First we tried increasing the amount of days we were prediction from but this
seemed to make the graph more linear in some cases or more erratic in others.
When we added the one-day prediction to our original network the graph
looked like an offset time delayed closing price graph. Not understanding
exactly what was going on we added the open, high, and low prediction. The
results shown above are from those predictions. Not liking some of our new
predictions we tried our old program but this time with more training. We
didn't have time to run the program on all stocks so we only ran it Papa John's
that are prediction look bad.
Papa John's (pzza)
We found it hard to decide how much to train the network. The number of stocks we choose and the time it took to train the neural network made this hard. At the end we couldn't decide on how much data to predict on. The extra data added to the training.

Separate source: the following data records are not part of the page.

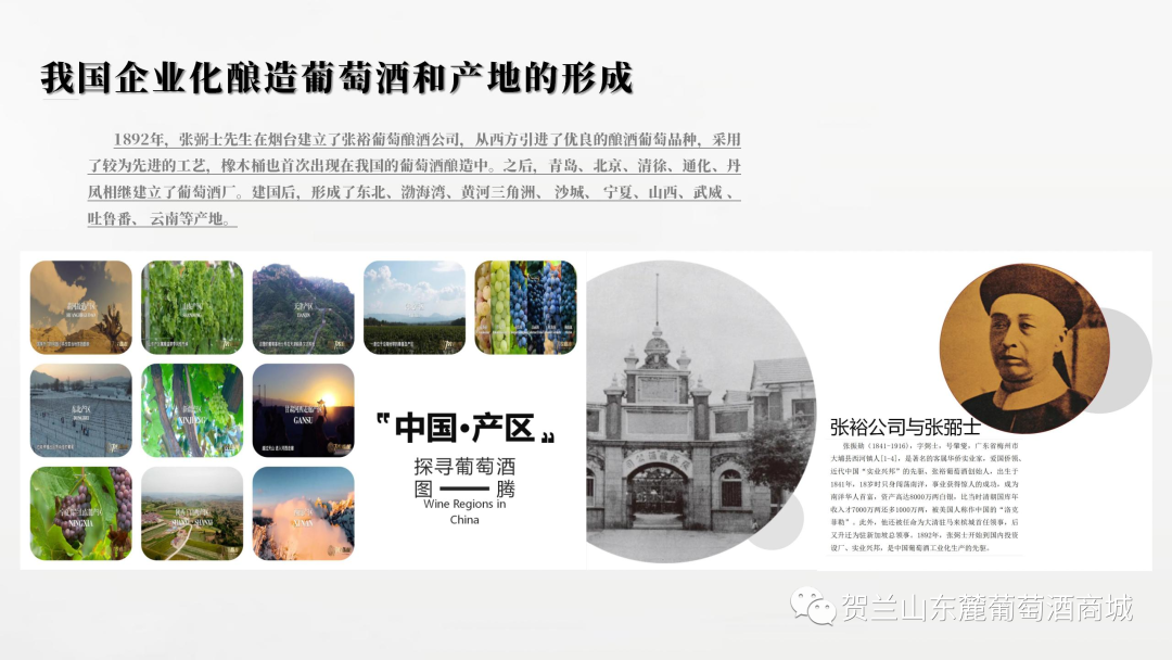 1892年,张弼士先生在烟台建立了张裕葡萄酿酒公司,从西方引进了优良的酿酒葡萄品种,采用了较为先进的工艺,橡木桶也首次出现在我国的葡萄酒酿造中。之后,青岛、北京、清徐、通化、丹凤相继建立了葡萄酒厂。建国后,形成了东北、渤海湾、黄河三角洲、 沙城、 宁夏、山西、武威 、吐鲁番、 云南等产地。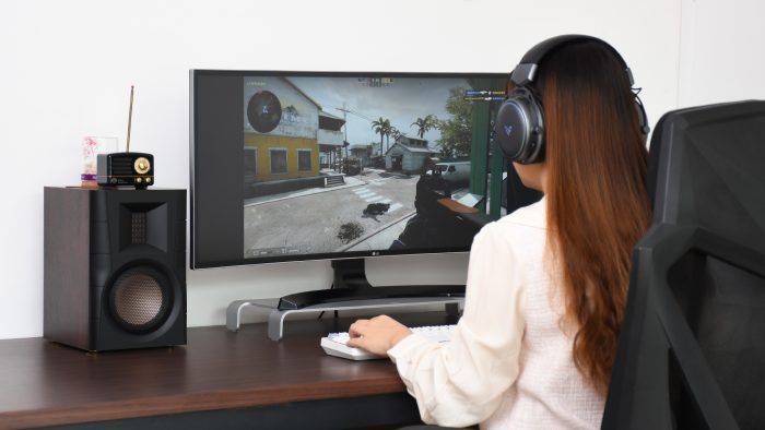 比如在玩吃鸡类游戏的时候,声音对于玩家的帮助就很大,需要通过声音来判断敌人所处的位置,包括方向和远近距离等等。VH800的宽声场优势就非常明显,能够更准确的呈现不同方向和位置发出的声音,优化低频加强脚步声、优化高频帮助辨别枪声,帮助玩家做到“听声辨位”。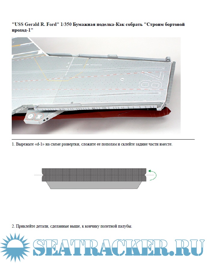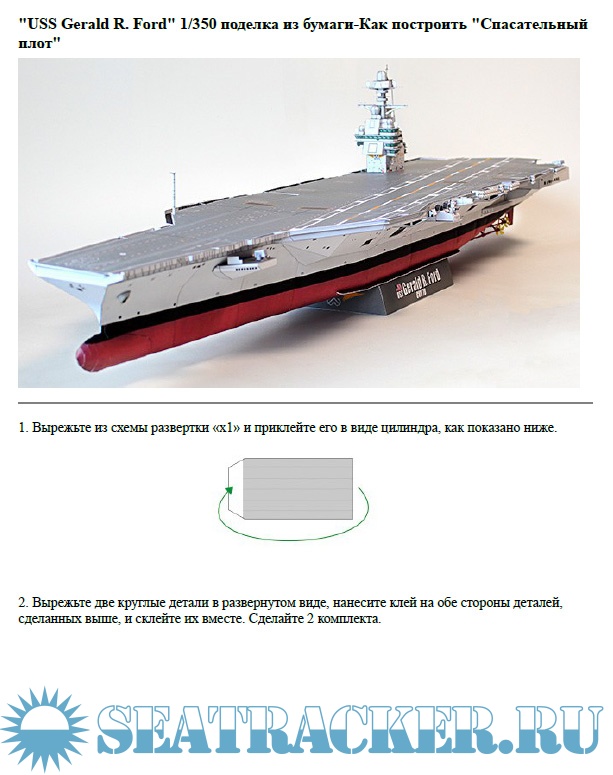 53 файла в формате .pdf с цветными выкройками и инструкциями на русском языке для изготовления бумажной модели авианосца USS Gerald R. Ford (CVN-78) в масштабе 1:350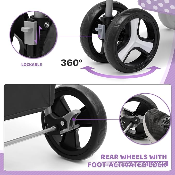 - Advanced Wheel Suspension, Braking & Safety System: Designed for stability, maneuverability, and control, our pet stroller features 360° swivel front wheels for effortless navigation, while the shock-absorbing rear wheels ensure a smooth, stable ride on various terrains. For added safety, the dual rear-wheel braking system provides a secure stop on slopes and uneven surfaces, giving pet owners peace of mind during strolls

Other things we would have liked to try several other things. The data included the volume and it never used. Finding the day of week and assigning it a number value would have also added to the data. Changing the way the high, low, and open are predicted might help because there are cases where the predicted low was higher than the predicted high. Having more CPU power would have been helpful when designing the network.